Aveuglés par ce que Barbara Tuchman appelle « la frivolité belliqueuse des empires séniles », nous marchons sinistrement vers la guerre avec la Russie. Sinon, comment pourrions-nous expliquer la déclaration publique du secrétaire à la Défense Lloyd Austin selon laquelle l’objectif américain est « d’affaiblir la Russie » et la demande de Joe Biden pour une aide militaire et économique « d’urgence » supplémentaire de 33 milliards de dollars (la moitié de ce que la Russie a dépensé pour son armée en 2021) ? pour l’ukraine ?

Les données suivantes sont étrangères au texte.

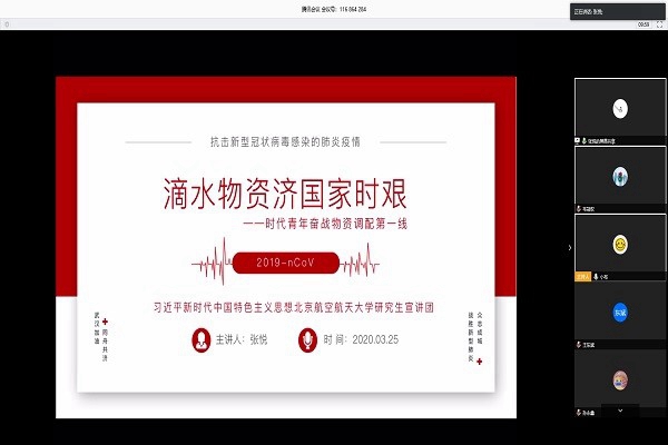 2020年3月25日下午,宇航学院硕士ZY19153班团支部组织开展学习日活动。本次学习日活动围绕“同心抗疫北航担当”的主题,邀请到了北京欧美大片ppt免费大全第五期研究生宣讲团的张悦同学作为嘉宾,给我们分享了她在本次全民抗疫总体战里的特殊经历。本次学习日活动应到23人,实到23人,每一位同学都积极参与其中。
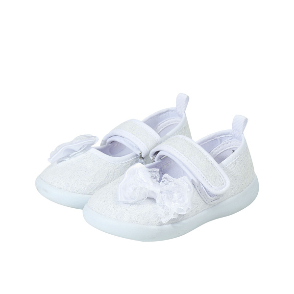 Ажурные туфли понравятся каждой малышке своим внешним видом. Верх обуви изготовлен из текстиля и украшен блестками. Нос обуви закругленный и украшен изящным белым бантом. Регулируемая застежка-липучка плотно фиксирует туфельку на ноге и облегчает обувание. Стелька и подкладка выполнены из хлопчатобумажной ткани. Материал отлично впитывает влагу, пропускает воздух и обеспечивает ногам комфорт в носке. Белая рельефная подошва из ПВХ не утяжеляет обувь и устойчива к истиранию.
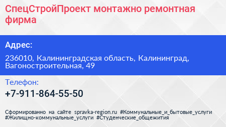 СпецСтройПроект, монтажно-ремонтная фирма по адресу 236010, Калининградская область, Калининград, Вагоностроительная, 49 в дальнейшем Организация, размещена в следующих категориях:
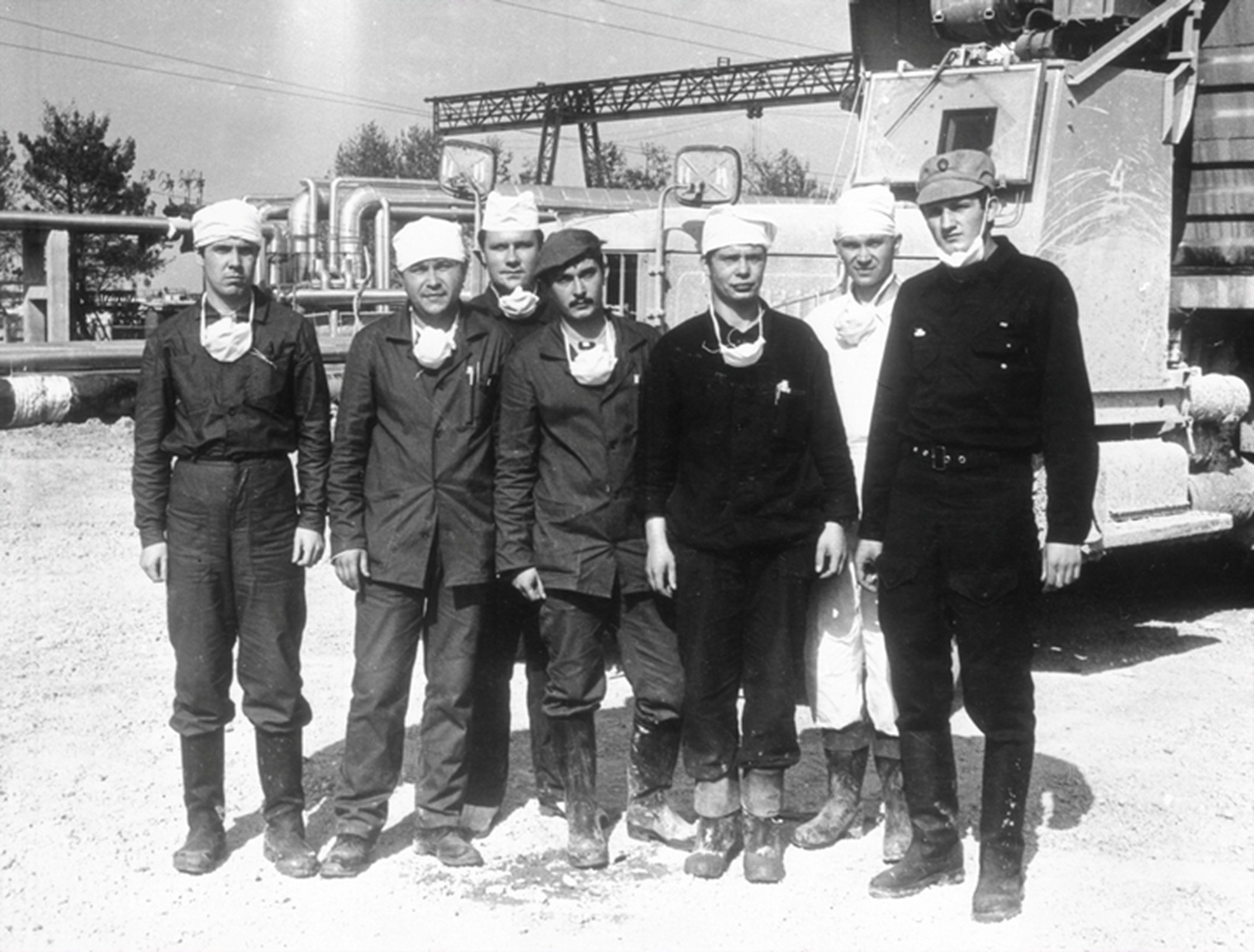| Група ліквідаторів наслідків аварії на Чорнобильській АЕС ім. В. І. Леніна. м. Прип’ять Київської області, 1986 р. |
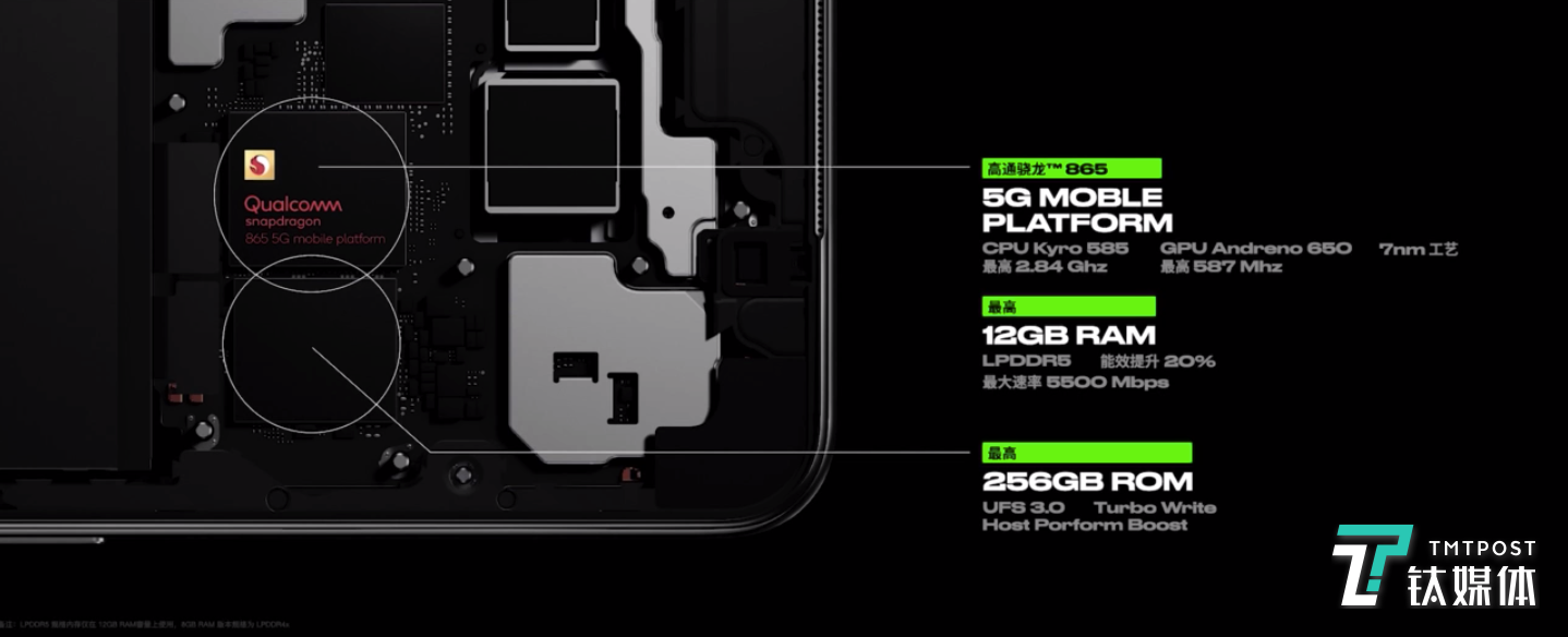 此外,OPPO Ace2还采用高通骁龙865移动平台,支持最高12GB LPDDR5,全系标配UFS3.0+TurboWrite+HPB 闪存,提供更好的综合性能以满足极客用户对高性能手机的需求。

La même cabale de généraux et de politiciens qui a vidé l’État de billions de dollars dans les débâcles en Afghanistan, en Irak, en Syrie, en Libye et en Somalie et n’a rien appris du cauchemar du Vietnam, se délecte de l’illusion de leur omnipotence. Ils n’ont aucun intérêt à une solution diplomatique. Il y a des milliards de profits à faire dans les ventes d’armes. Il y a une posture politique à faire. Il y a des généraux qui ont hâte d’appuyer sur la gâchette. Pourquoi avoir tous ces systèmes d’armes coûteux et technologiquement avancés si vous ne pouvez pas les utiliser ? Pourquoi ne pas montrer au monde cette fois-ci que les États-Unis dominent toujours le monde ?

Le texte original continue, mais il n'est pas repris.